To better appreciate the wide range of objects excluded from their analysis, it useful to consider the images in
Figure 2. They depict abstract sculptures and natural rock formations, none of which satisfies the underlying assumptions of their model. Should we conclude that these objects do not possess the property of “shape” as argued by Pizlo and colleagues? We suspect that most readers will quickly recognize that argument as an obvious attempt to paper over a serious shortcoming of their model. Almost all observers agree that each of these images produces a compelling perceptual appearance of 3D shape and that they are stunningly beautiful. A complete theory of shape perception should be able to account for the perceptual appearance of these objects as well as plane-faced polyhedra.

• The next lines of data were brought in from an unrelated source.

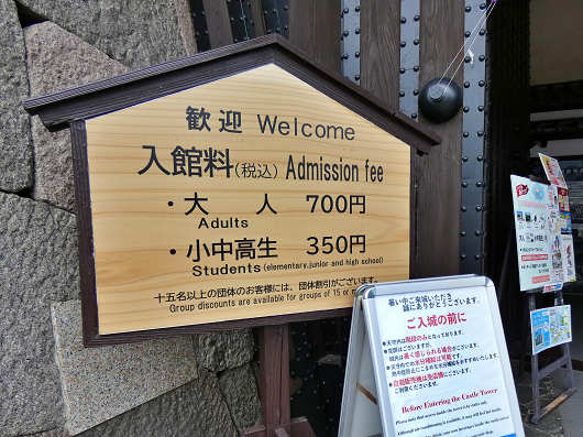 天守への入館料は大人一人が700円となっていました。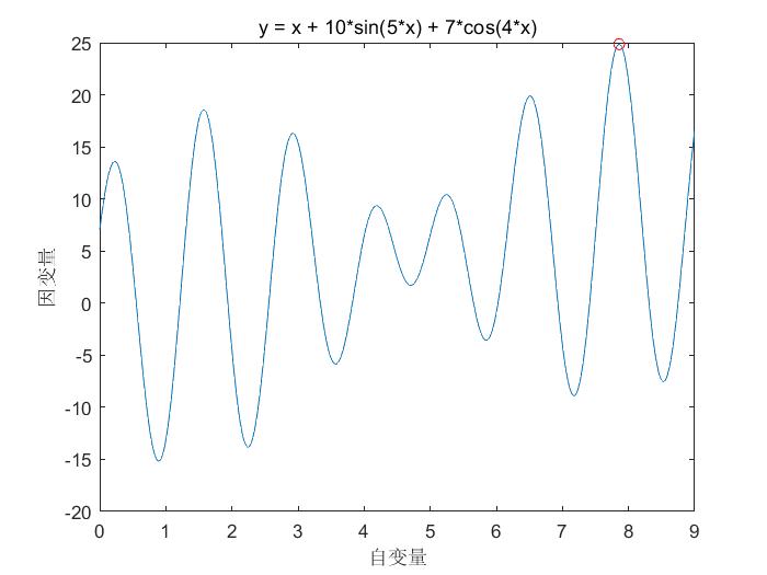 [x endPop bpop trace] = ga([0 9],'fitness',[],initPop,[1e-6 1 1],'maxGenTerm',25,...'normGeomSelect',0.08,'arithXover',2,'nonUnifMutation',[2 25 3]);%% V. 输出最优解并绘制最优点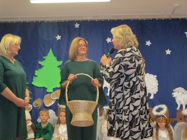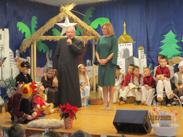 Po przedstawieniu pani Dyrektor wraz z Marią i Józefem złożyła wszystkim obecnym życzenia świąteczne i noworoczne. Zaproszeni goście oraz ksiądz proboszcz podziękowali aktorom i opiekunom za przedstawienie a dzieci otrzymały słodkie poczęstunki. Panie przedstawiły naszych bohaterów i role, które odgrywali i na zakończenie odśpiewana została jeszcze jedna pastorałka „Dzyń dzyń”.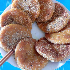 将小圆放入芝麻碗中晃几下,让它沾上芝麻,这样按压的时候就不会粘手了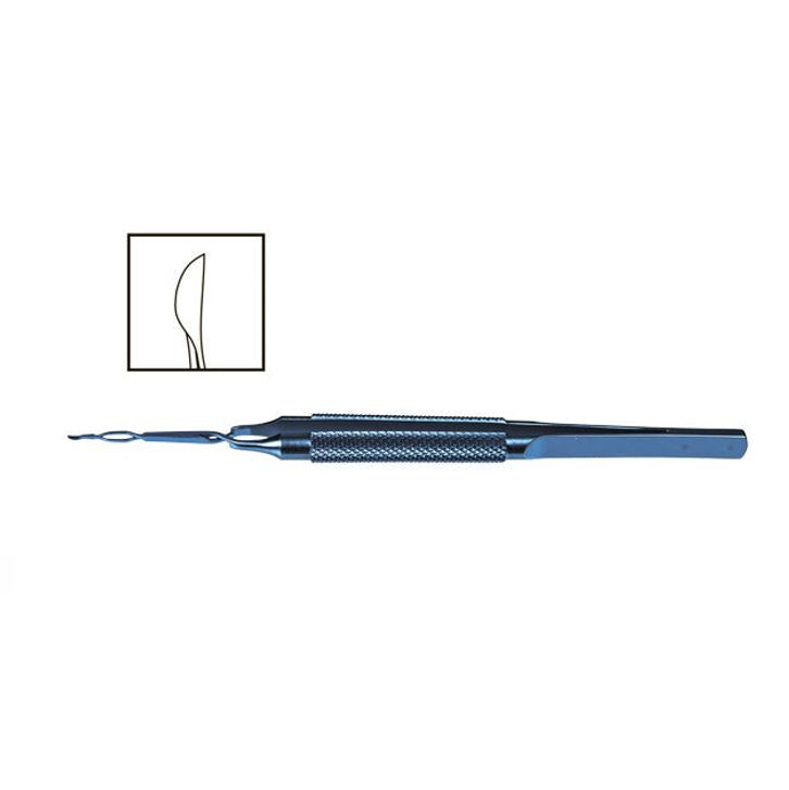 Prechopper Forceps are designed to crack the nucleus into four or more fragments in the capsular bag. The shanks of the forceps open to a maximum of 1.8 mm at the incision area while the tips open to 2.8 mm. The tip of the forceps has a sharp point that initally penetrates the nucleus. When squeezing the round body handle the tips open to crack and split the nucleus. Ultrasound time can be reduced by 50 %.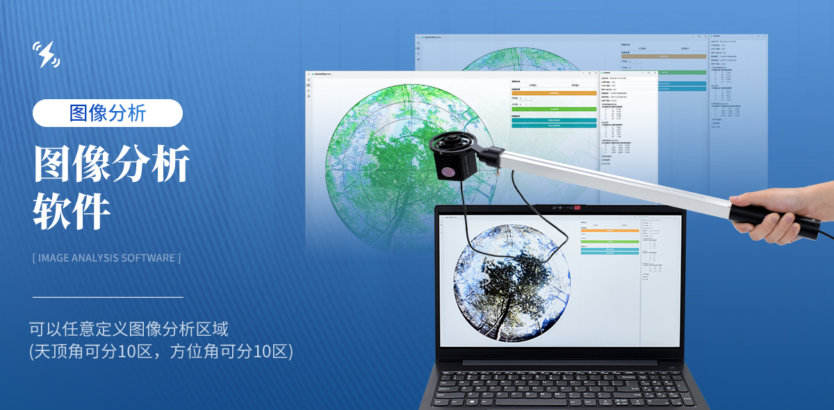 | 魚眼鏡頭可自動保持水平狀態(tài):專門為植物冠層結構測量設計的小型魚眼攝像鏡頭安裝在手持式萬向平衡接頭上,可自動保持鏡頭處于水平狀態(tài),無需三角架 | 魚眼鏡頭可以伸入至冠層中:鏡頭安裝在搖臂一端,由于小巧和帶有測量桿,可以方便地水平向前或垂直向上伸入到冠層不同高度處,快速地進行分層測量,測出群體內光透過率和葉面積指數垂直分布圖 | 圖像分析軟件:圖像分析軟件可以任意定義圖像分析區(qū)域(天頂角可分10區(qū),方位角可分10區(qū)) | 可屏蔽不合理冠層部分:對不同方向的冠層進行區(qū)域性分析時,可以任意屏蔽地物景象和不合理的冠層部分(如缺株、邊行問題等)。對不同天頂角起始角和終止角的選擇,可以避開不符合計算該冠層結構參數的冠層孔隙條件,通過手動調節(jié)閾值,可以更精準的測量出葉面積指數等參數 | 軟件只適配Windows 10及Windows 10以上系統(tǒng) |

Our overall position is that it is unlikely that any single model can account for all aspects of shape perception. Indeed, there is considerable evidence that the human visual system has many special-purpose modules for determining 3D shape from different types of visual information, such as shading, texture, motion, or binocular disparity. Perhaps Pizlo's model could be considered as one component within that framework, although its inability to cope with simple basic shapes such as pyramids or cylinders is problematic.
In a recent review article on the concept of shape within multiple fields (
Todd & Petrov, 2022) we discuss numerous models for how 3D shapes might be perceptually represented. The model proposed by Pizlo and colleagues is an outlier because it is focused primarily on Euclidean metric structure. It is also unusual because these authors insist that the perception of 3D metric structure is veridical, despite the fact that this claim is inconsistent with the vast majority of psychophysical experiments that have explored this issue.
Todd and Petrov (2022) argue that shape is not a unitary property but rather a collection of many object attributes, some of which are more perceptually salient than others. Because the relative importance of these attributes can be context dependent, there is no obvious single definition of shape that is universally applicable in all situations. Whereas the metric properties of Euclidean geometry may be of paramount importance to a tool and die maker, they are largely irrelevant to a biologist who is trying to classify the biological forms of different species. There is considerable evidence to suggest that the most perceptually salient aspects of shape are those that involve affine, projective, and topological properties and that Euclidian metric structure is of relatively minor importance. The problem with the theory proposed by Pizlo and colleagues is that it focuses on the minor aspects of shape while ignoring the more significant ones, and their arguments twist into knots when trying to evade the large body of empirical evidence that is inconsistent with their position.